O presente de Natal

Saiu apressada do trabalho, já era véspera de Natal e ainda não comprara todos os presentes. A lista era enorme, como dar conta de tudo aquilo em apenas um dia? Decidiu ir a pé até o shopping mais próximo ao seu consultório. Era a forma mais rápida de chegar , tendo em vista o caos que a cidade se transformava, nesta época do ano.

Há muito tempo não fazia isso, caminhar pelas ruas da cidade. Mas estava com pressa e a agenda repleta lembrava- na de que o casal Saldanha teria uma sessão; difícil aceitar a prisão de um filho. Havia também a Consuelo Pimentel, complicado controlar os impulsos cleptomaníacos. E o senhor Peres, com a mania de comprar relógios, já não tinha mais onde guardar e o pior é que às vezes deixava de honrar um compromisso para comprar um relógio novo. Meu Deus, precisava se apressar.

Guardou a agenda na bolsa, mas antes pegou a lista de presentes que estava numa folha solta dentro da agenda e prosseguiu. Pelo caminho, foi olhando a enorme lista e acabou tropeçando num homem que estava sentado na calçada pedindo esmolas. Caiu sentada e viu seus pertences espalhados pelo chão, a carteira foi parar aos pés do pedinte, ficou assustada, queria pegá-la, mas teve medo da reação dele, continuou sentada , ali, parada sem saber como reagir.

O pedinte levantou segurando a carteira, olhou nos olhos dela e estendeu a mão para entregá-la.
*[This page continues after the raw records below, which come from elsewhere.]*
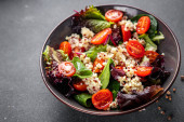 sałatka quinoa, pomidor, zielona sałata mieszanka zdrowy posiłek jedzenie przekąska na stole kopia przestrzeń jedzenie tło rustykalny widok z góry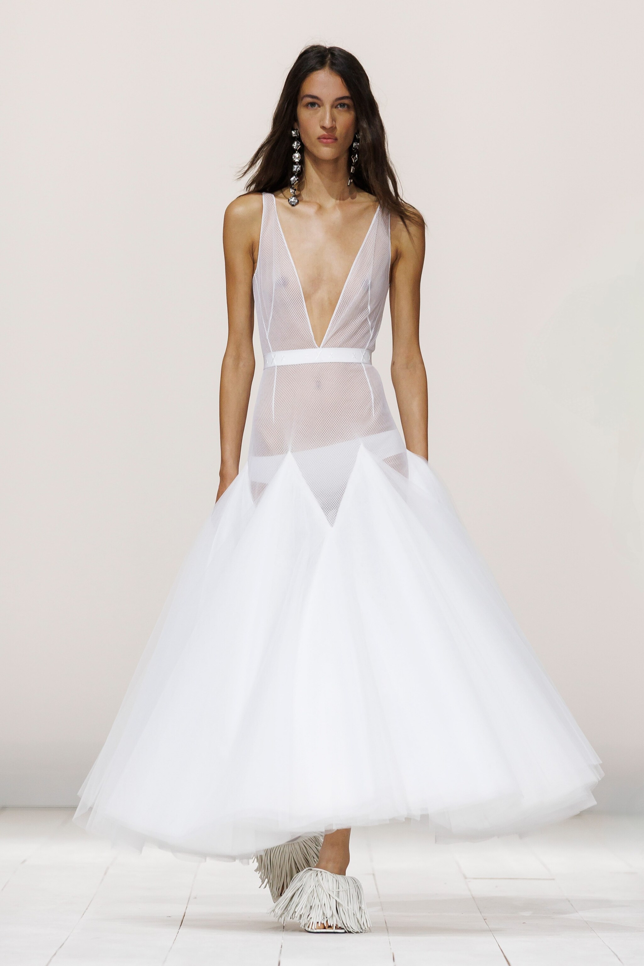 Top reggiseno, jeans a palazzo, camicie oversize, abiti in pelle, drappeggi e tocchi di rosso tra look in black and white sfilano alla Paris Fashion Week sulla passerella Primavera/Estate 2026 di Givenchy by Sarah Burton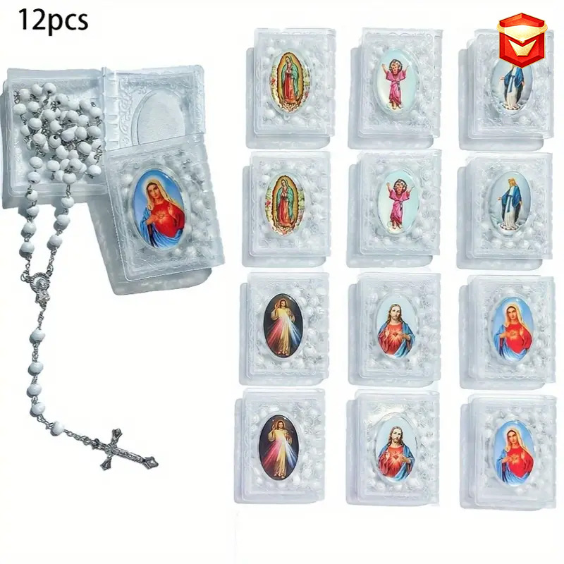 Cross-Border 6mm Wooden Long Rosary Cross Pendant Necklace Religious Figure Mary Baptism Communion Prayer
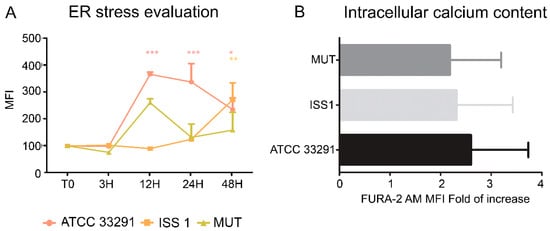 ER stress might be both a trigger and consequence of chronic inflammation. Monocytes were stained with ER-Tracker Green and Fura-2 AM in order to investigate ER stress and intracellular Ca2+ level perturbations. ER-Tracker Green dye is a cell-permeant, live-cell stain that is highly selective for the ER. It stains ER membranes and it is known to be an ER stress marker in both cytometry and microscopy [62]. Our data showed that ER stress occurred after 12–24 h of treatment (Figure 9A), especially in monocytes infected with the C. jejuni ATCC 33291 lysate. Moreover, the lysate from the cdtA mutant strain caused more ER modifications then the that from the ISS 1 wild-type strain; we supposed that ER stress was not an effect associated with CDT, but it was due to other C. jejuni virulence factors. In addition, the FURA-2 AM results showed an increase in intracellular Ca2+ content in monocytes preincubated for 48 h with the C. jejuni ATCC 33291 lysate compared with other experimental conditions (data not statistically significant) (Figure 9B).
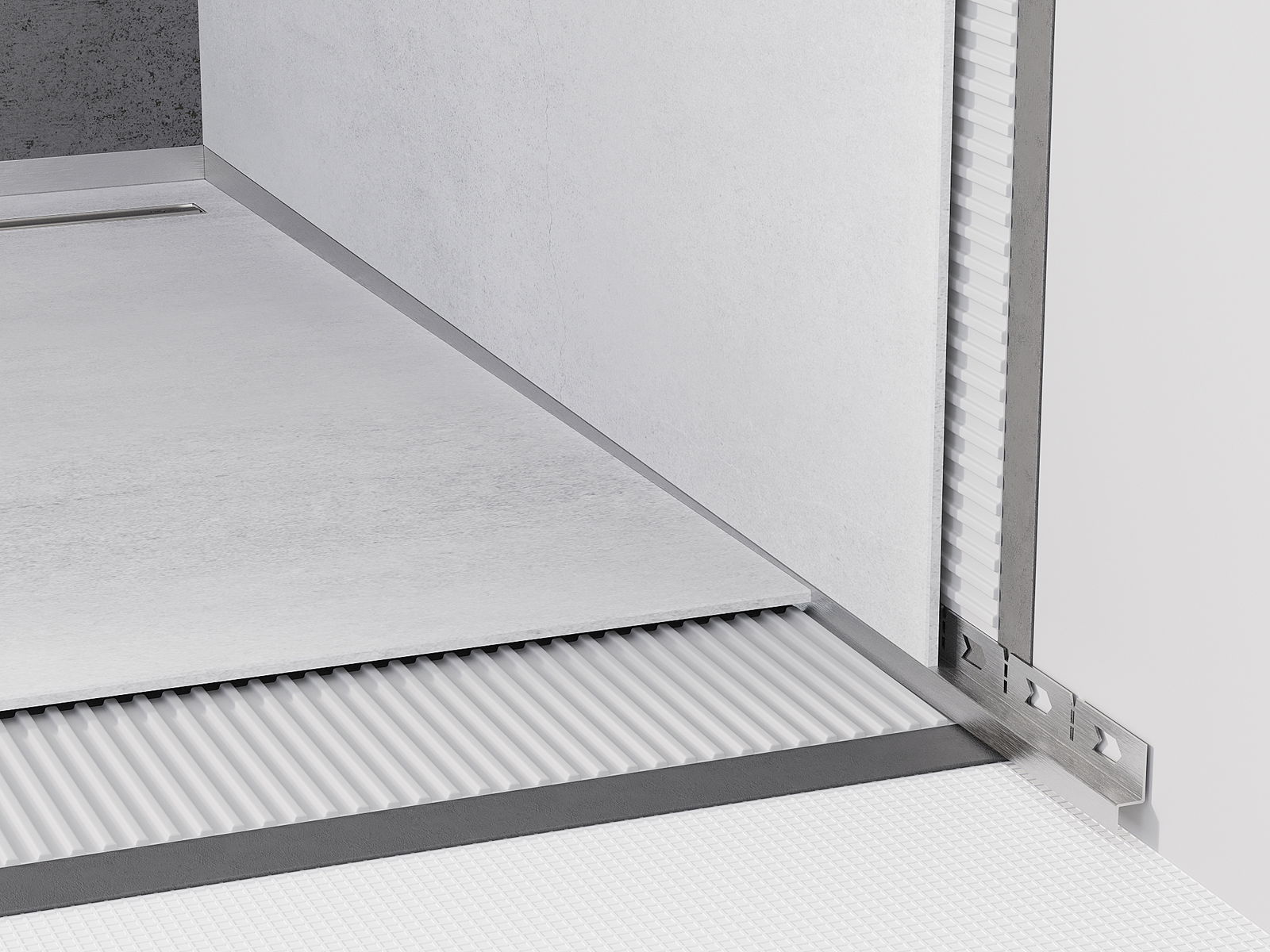 Наклонената лента има прецизно настроен ъгъл на наклона, който ефективно насочва водата към канализацията, предотвратявайки натрупването й на повърхността на пода. Благодарение на това водата се отвежда ефективно, което минимизира риска от образуване на локви и осигурява суха и безопасна повърхност.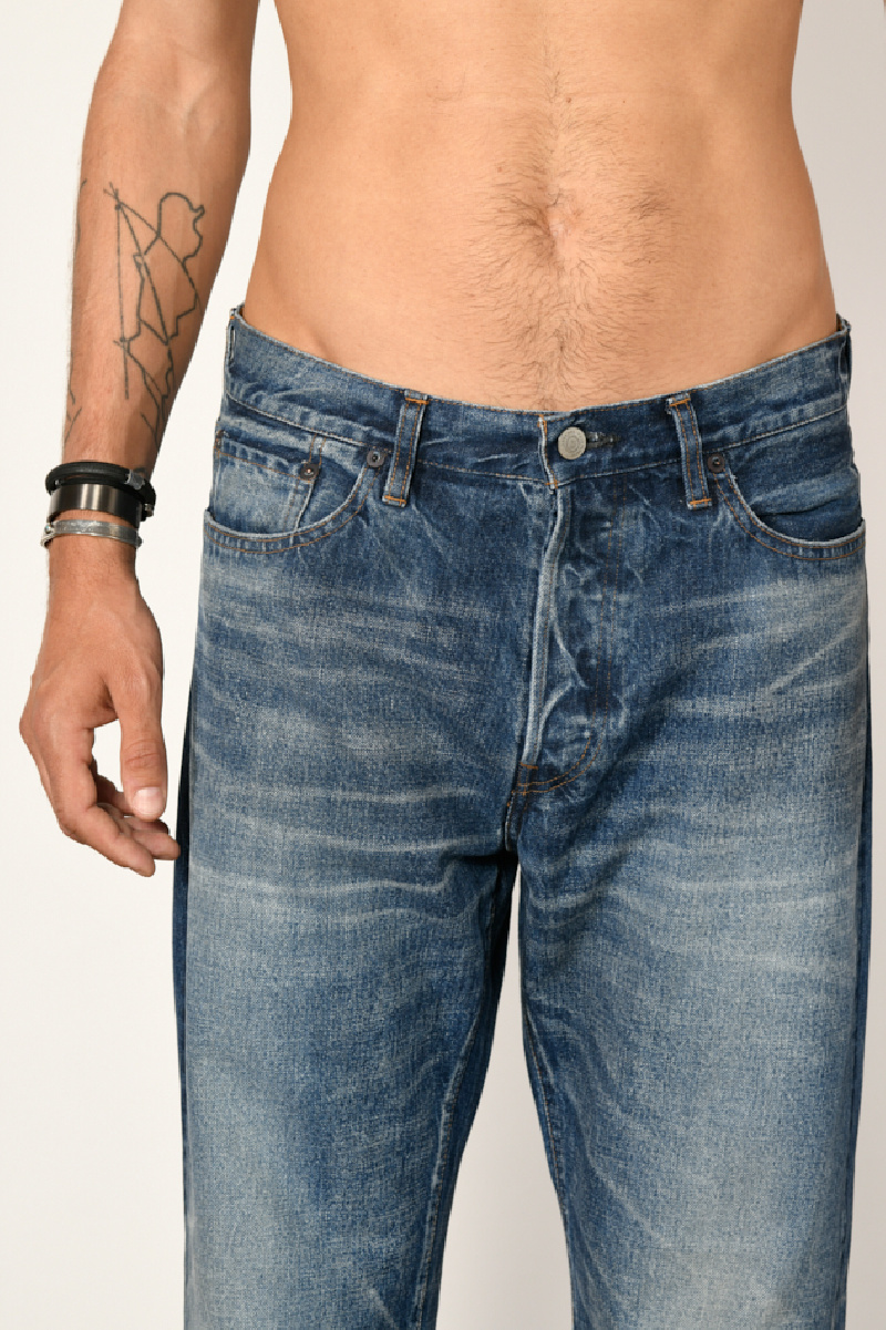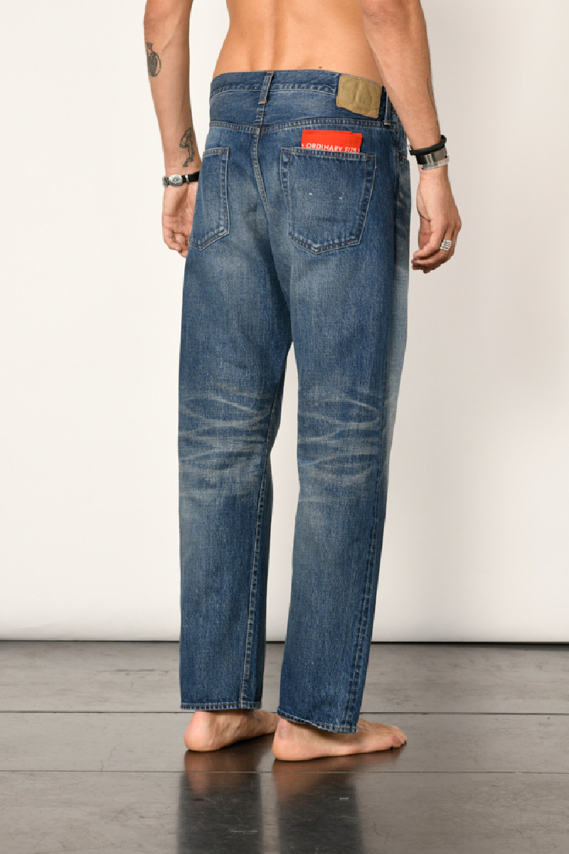 Ordinary Fits jeans in worn blue, with a mid-rise waist and front button fastening. The fit is slightly loose and relaxed, with straight hems. A leather label at the back is accompanied by a red bandana emblazoned with ‘Ordinary Fits’ in white.

Depois lhe segurou pelo braço, oferecendo ajuda para levantar-se do chão: “Precisa tomar mais cuidado, senhora, olhar bem por onde anda, poderia ter se machucado. A vida é muito preciosa para andarmos distraídos”.

Aquelas palavras soaram como um punhal incandescente cortando o seu peito. Permaneceu ali, imóvel, o homem virou-se e foi caminhando para o outro lado da rua. Sentiu-se tonta, os olhos ardiam como se uma luz muito forte refletisse sobre todas as coisas que estavam ao seu redor. As palavras do pedinte ecoavam em seus ouvidos. Pela primeira vez não sabia qual seria o seu próximo passo: “A vida é muito preciosa para andarmos distraídos”.

Ela que estava acostumada a lidar com os problemas alheios, aconselhando, orientando, não sabia o que fazer naquele momento. Como um homem numa situação miserável daquelas, podia achar a vida preciosa?Queria também descobrir a preciosidade da vida, não queria mais andar distraída, queria entender as coisas mais simples, queria sentir o ar no rosto e perceber se estava quente ou frio , queria conhecer a essência da vida , entender como aquele pobre homem podia valorizá-la de forma tão sublime.

Procurou a lista de presentes que caíra de sua mão no momento da queda, fora parar um pouco adiante, levada por uma brisa leve e acabou ficando presa entre umas pedras que circundavam um canteiro na calçada. Ela puxou a folha e junto à pedra estava um folheto que dizia: "Enquanto a estupidez das pessoas acaba com o amor do mundo, Deus envia seus anjos para manter acesa a chama” (Mestre Azevedo). Olhou rapidamente para o outro lado da rua tentando avistar o pedinte novamente, mas ele não estava mais lá. Caminhou um pouco, pessoas passavam de um lado para o outro e nada daquele homem.

Sentiu novamente “o punhal incandescente queimando o seu peito” Prostrou-se ao chão e chorou intensamente. Agora tinha certeza, acabara de conhecer um anjo e dele recebera o melhor de todos os presentes de Natal.